*** Block opens ***

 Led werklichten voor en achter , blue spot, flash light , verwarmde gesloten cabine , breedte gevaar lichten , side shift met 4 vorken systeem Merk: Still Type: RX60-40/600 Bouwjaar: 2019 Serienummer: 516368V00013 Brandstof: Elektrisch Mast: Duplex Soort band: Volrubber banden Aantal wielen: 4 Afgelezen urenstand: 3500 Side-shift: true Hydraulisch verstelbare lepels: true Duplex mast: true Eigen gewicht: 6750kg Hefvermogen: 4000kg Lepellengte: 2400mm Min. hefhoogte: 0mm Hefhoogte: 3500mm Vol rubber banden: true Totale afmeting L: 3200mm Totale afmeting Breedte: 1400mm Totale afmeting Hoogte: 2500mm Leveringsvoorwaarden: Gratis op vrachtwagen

*** Block closes ***
*** Block opens ***

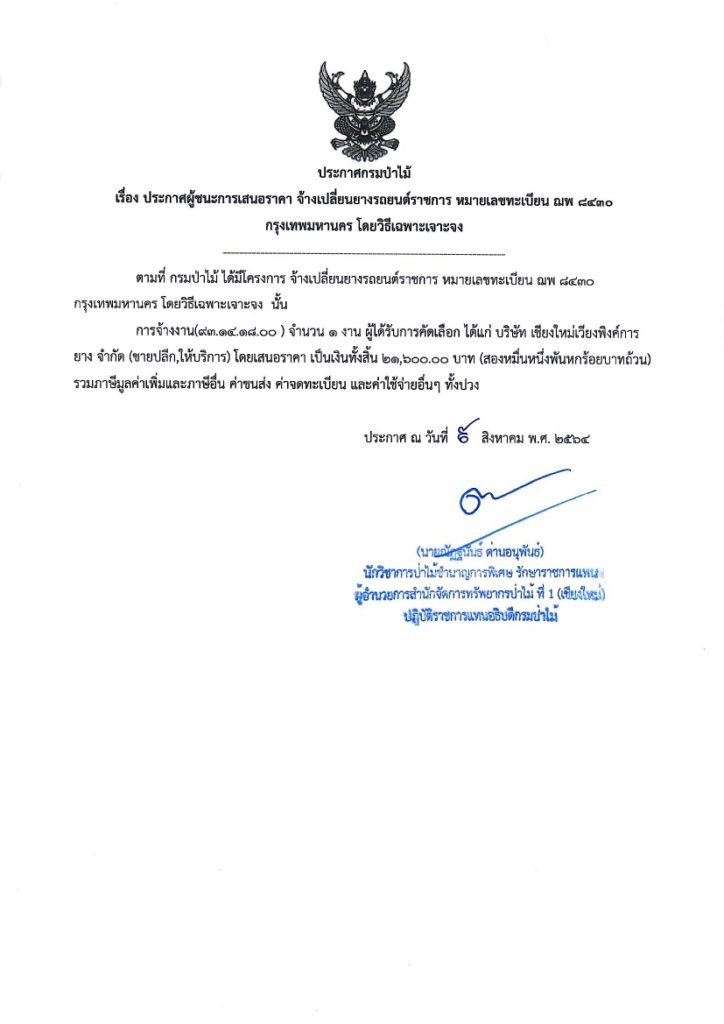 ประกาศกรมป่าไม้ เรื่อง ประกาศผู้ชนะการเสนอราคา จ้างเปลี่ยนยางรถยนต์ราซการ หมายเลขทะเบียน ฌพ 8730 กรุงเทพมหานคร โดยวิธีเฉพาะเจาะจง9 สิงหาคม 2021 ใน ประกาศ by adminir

*** Block closes ***
*** Block opens ***

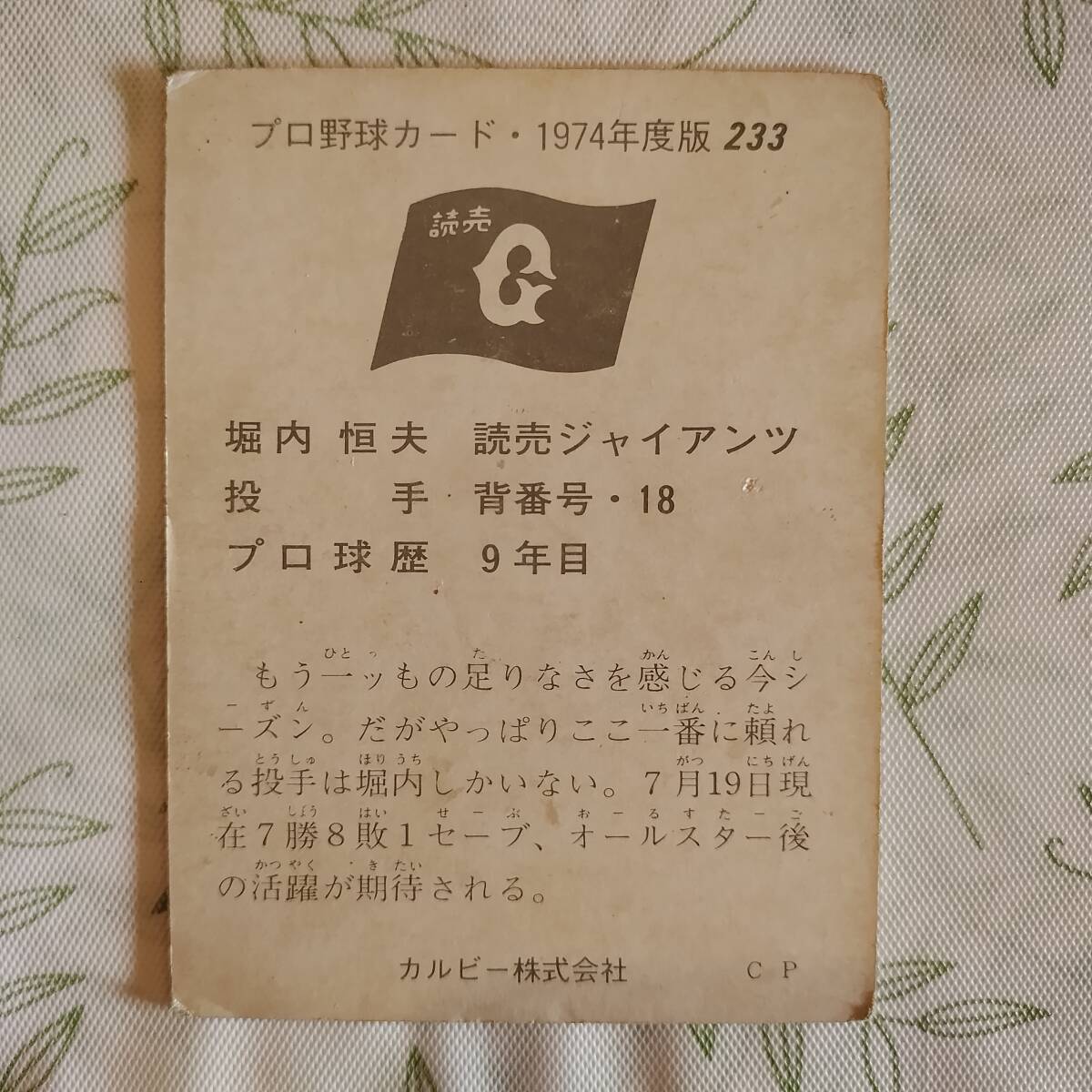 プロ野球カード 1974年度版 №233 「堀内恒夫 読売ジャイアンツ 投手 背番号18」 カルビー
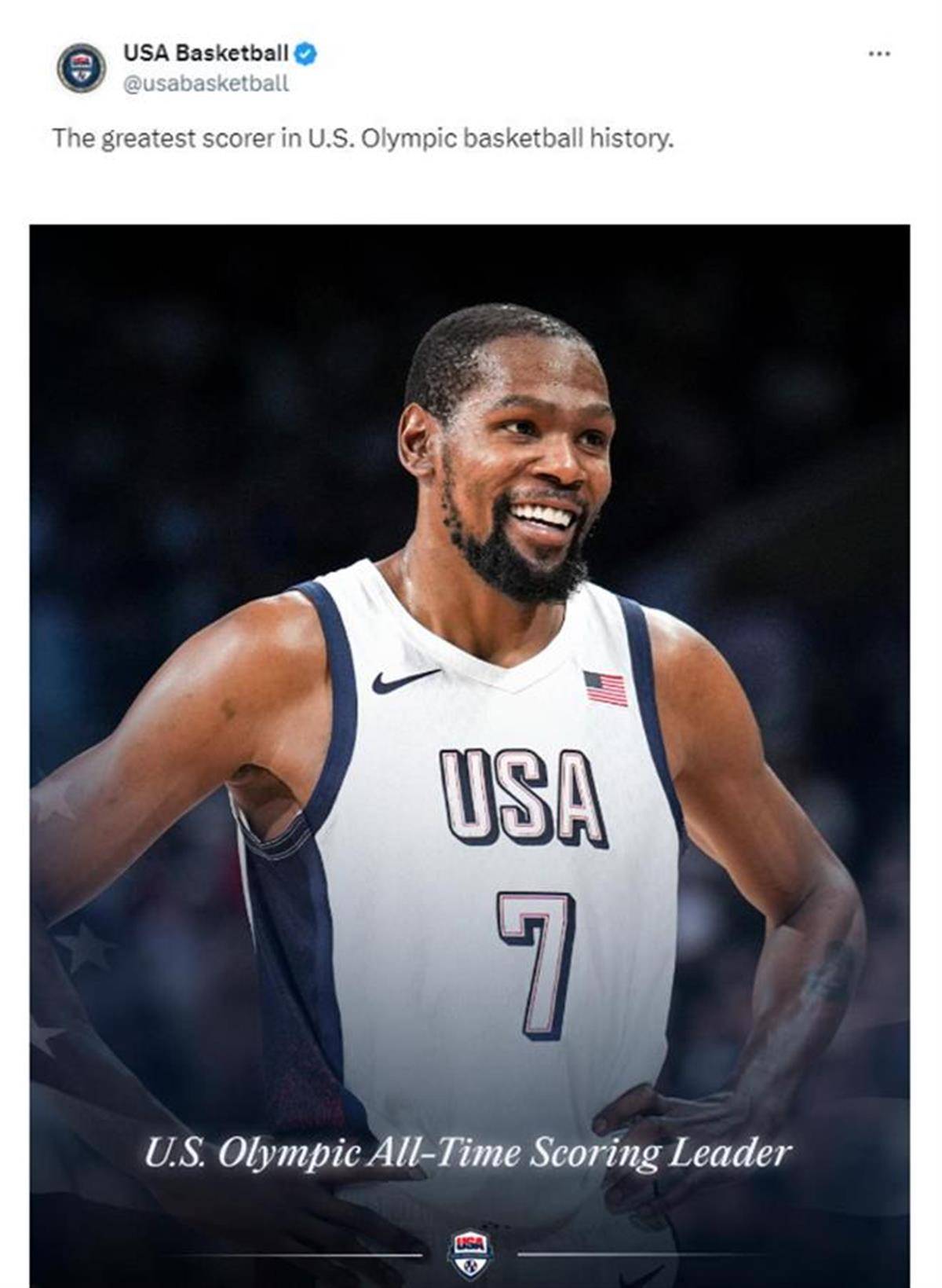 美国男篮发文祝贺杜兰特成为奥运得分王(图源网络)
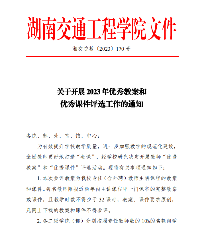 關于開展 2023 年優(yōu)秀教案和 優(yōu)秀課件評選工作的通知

*** Block closes ***

What is being asked
Between and including the line above that contains "プロ野球カード 1974年度版 №233" and the line that contains "關于開展 2023 年優(yōu)秀教案和 優(yōu)秀課件評選工作的通知", restate every line word for word. Pictures stay out.

Task solution
 プロ野球カード 1974年度版 №233 「堀内恒夫 読売ジャイアンツ 投手 背番号18」 カルビー
 美国男篮发文祝贺杜兰特成为奥运得分王(图源网络)
 關于開展 2023 年優(yōu)秀教案和 優(yōu)秀課件評選工作的通知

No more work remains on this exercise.